Personal information
- Date of birth: 14 November 1988 (age 36)
- Place of birth: Kristiansand, Norway
- Height: 1.83 m (6 ft 0 in)
- Position(s): Defender

Team information
- Current team: Arendal
- Number: 6

Senior career*
- Years: Team / Apps / (Gls)
- 2007–2011: IK Start / 44 / (1)
- 2007: → Mandalskameratene (loan) / 10 / (1)
- 2012–2015: Sandnes Ulf / 55 / (1)
- 2015: Flamurtari Vlorë / 0 / (0)
- 2015–2017: ÍBV / 63 / (0)
- 2017–: Arendal / 42 / (0)

International career^{‡}
- 2014–2016: Kosovo / 5 / (0)

= Avni Pepa =

Norwegian footballer (born 1988)

Avni Pepa (born 14 November 1988) is a professional footballer who plays as a defender for Norwegian club Arendal.
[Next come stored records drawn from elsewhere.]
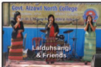
Laiduhsangl & Friends
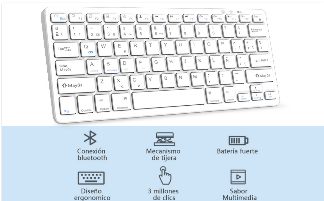
Image 5.2: Visual representation of the keyboard's multimedia function keys and their corresponding actions.

Note: Some functions may require specific operating system support or configuration.
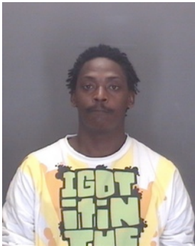
Darius Washington Burglary
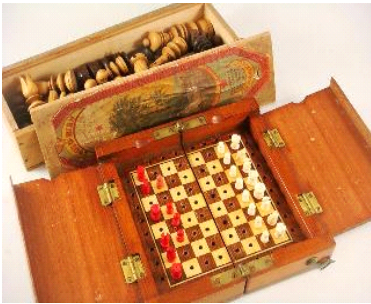
Lot # 58
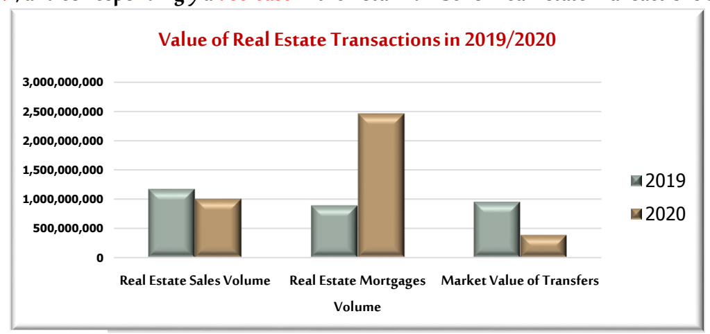
In Table No. (1), we notice an increase in the Total Value of Real Estate Transactions in 2020 compared to 2019 by 28%, and correspondingly a decrease in the Total Number of Real Estate Transactions by 21%.
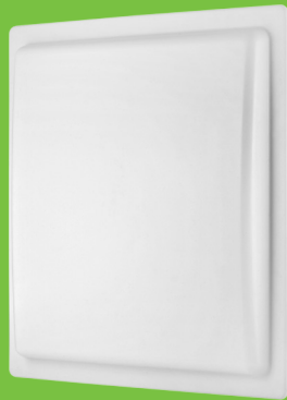
UHF 10 series
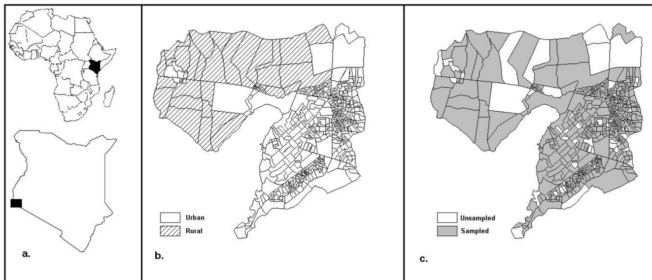
Figure 1 Maps of study area in Kisumu, Kenya. Maps include (a) region of study, (b) urban/rural designation of census enumeration areas (EAs) within study area, and (c) sampled and unsampled EAs.

area, data collection was limited to the 13 administrative sublocations of the city (roughly equivalent to large neighbourhoods) with overall population densities > 1,000/\text{km}^2 . This density threshold has been used to define "urban" in a recent review of malaria morbidity and mortality across Africa [26]. At smaller scales, population density within the study area varied considerably. The study area encompassed a range of urban ecotypes with variation in factors likely to influence malaria risk, including land use/land cover, economic and agricultural activity, distance from urban shops and health facilities, and environmental features. The study site comprised 202,282 people in 54,403 households (Table 1) [25], over an area of 62.3 \text{ km}^2 .
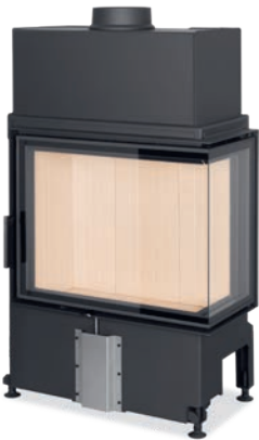
IMPRESSION R/L 2G S 71.60.34.21
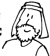
James, son of Alphaeus
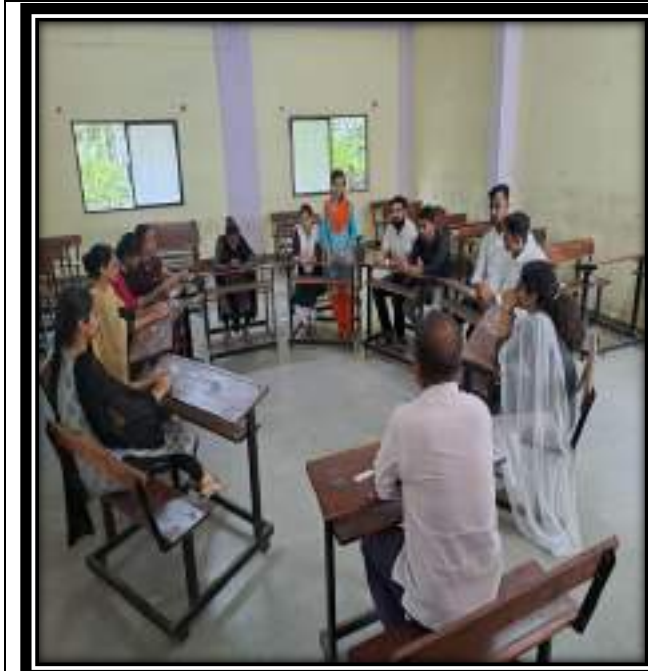
Participated Students in Group Discussion Session
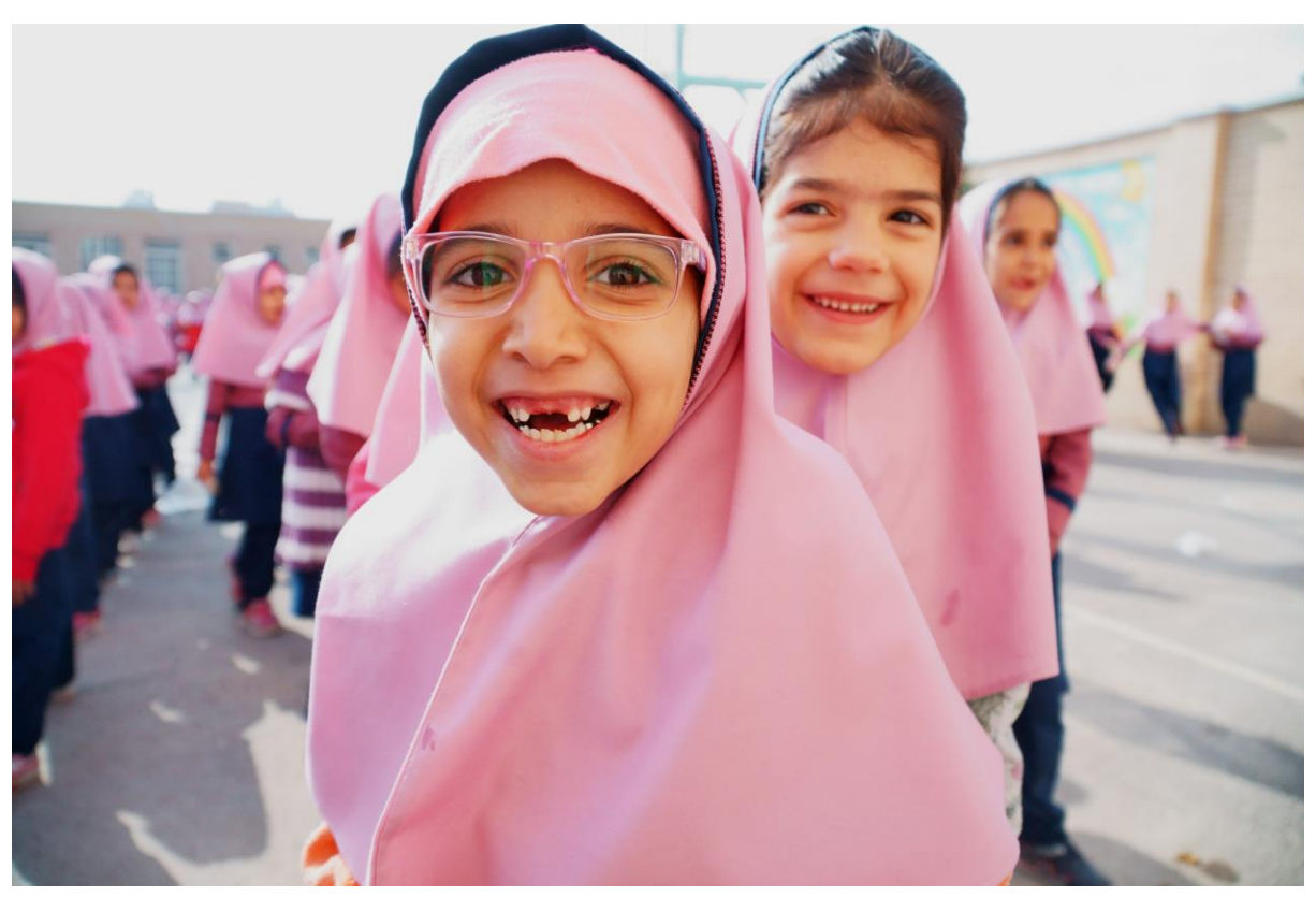
Iran. Afghan refugee sisters in Isfahan go to school for the first time.
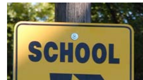
London, ON - Clearly marked school routes show due diligence by marking the best routes to school
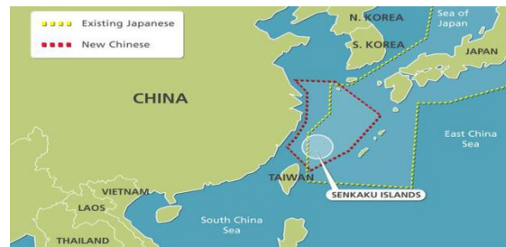
Figure 1: https://officerspulse.com/wp-content/uploads/2021/03/pasted-image-0-34.png

The Senkaku Islands chain is a series of five islands full of fish and oil riches, islands located in the disputed East China Sea by China and Japan, with an area of 5.43 km 2 It has been under Japanese control since 1972, and is called the Senkaku Islands in Japanese, and Diaoyu in Chinese 21 .
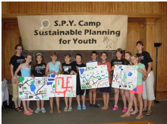
Photo caption: Participants in the SPY Camps, offered by Mount Allison University's Rural and Small Town Programme, display community plans they developed as part of the program.
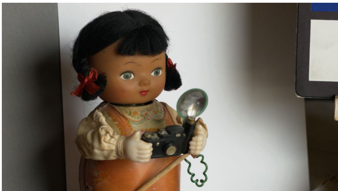
Firecrest IRND # 0.6 MC
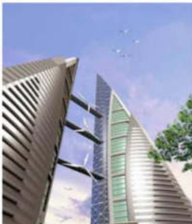
Figure 3 Bahrain World Trade Centre [6]

Bahrain World Trade Centre is designed to collect and compress the wind flow between the two towers, where is the wind turbine with a horizontal axis of rotation placed (Figure 3). Narrowing of the Bahrain World Trade Centre, results in increased wind speed at the location of the turbine up to 30%, resulting in the supply of electricity from turbines in the range of 11-15% of the needs of the building [6]. The same effect of narrowing is implemented on Pearl River Tower, where the building has four large openings, approximately 3 x 4 meters wide. The facade is shaped so as to reduce the forces of resistance and optimize the rate at which wind flows through these openings. These openings act as pressure valves for the building.
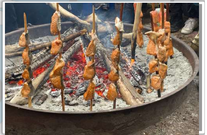
ÁLENEŃEĆ- Learning from our homeland program
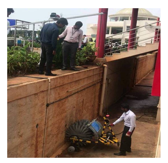
Figure 5 Rolling outrigger along with frame assembly

(An ISO 3297: 2007 Certified Organization) Website: <u>www.ijirset.com</u> Vol. 6, Issue 6, June 2017
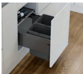
500 mm cabinet - 2 bins
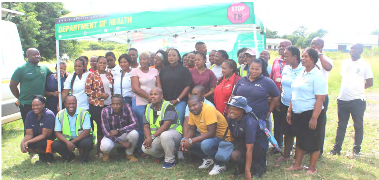
King Cetshwayo District 2023 BLITZ team at Obanjani Area in the morning briefing before door-to-door campaign began. RAED MORE ON PAGE 1-2.
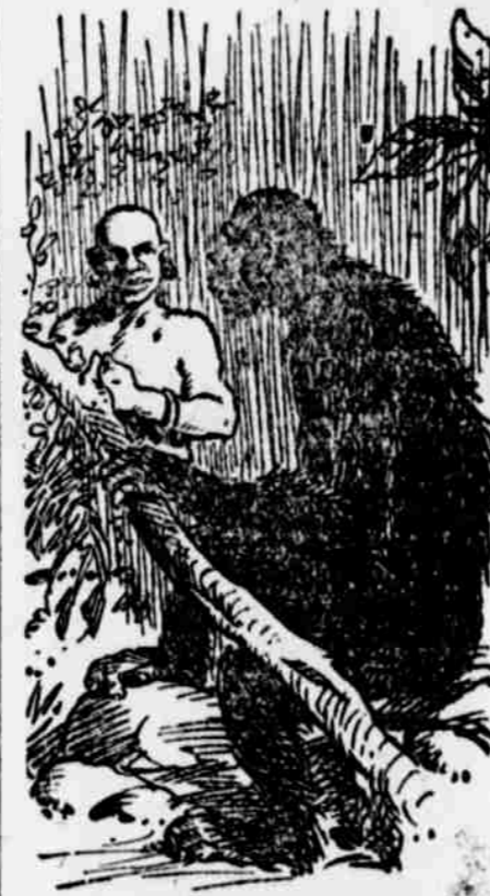
Could Talk to Natives.
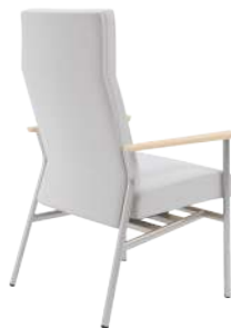
63571M22 high back motion chair
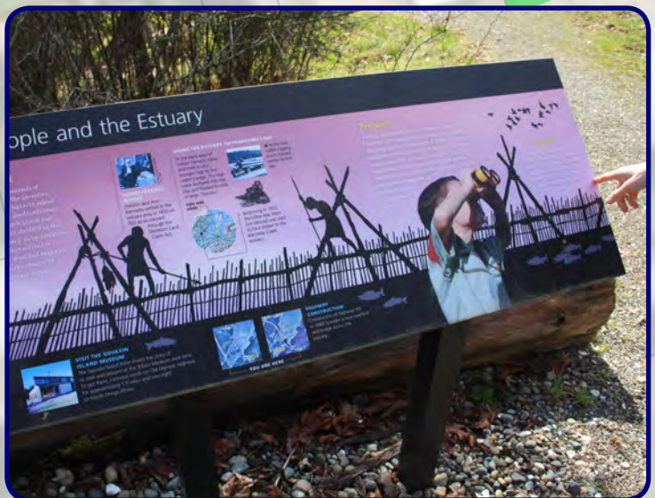
F. Ecological Interpretive Signs
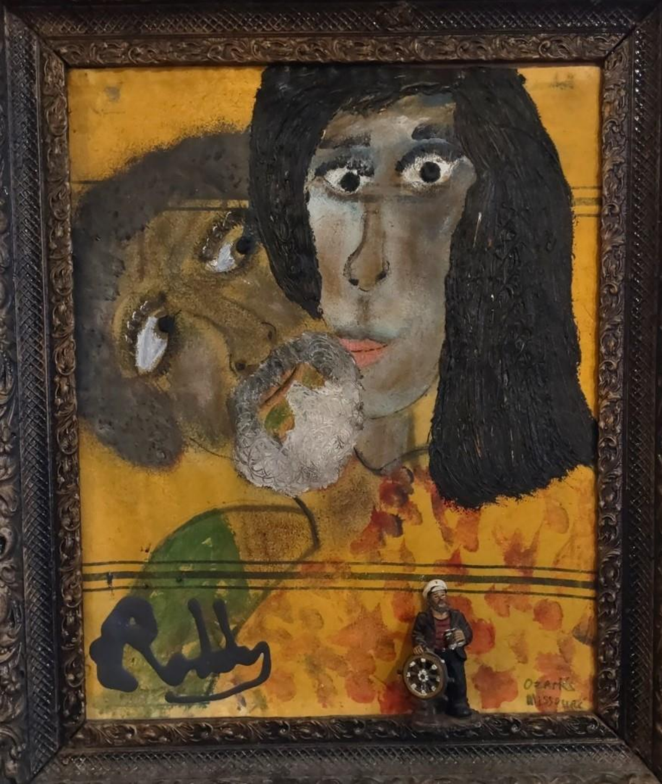
'Rudy and Friend 2015'

Born in Norway, he represented the Kosovo national football team at the international level.

==Club career==
===IK Start===
On 14 March 2010, Pepa made his debut in the Tippeligaen when he entered the field to replace Hunter Freeman in a match against Sandefjord. On 7 July, he scored his first goal for IK Start, which allowed the team to overcome Fredrikstad in the Norwegian Cup. On 24 October, he scored his first league goal against Stabæk from an assist by Petter Bruer Hanssen.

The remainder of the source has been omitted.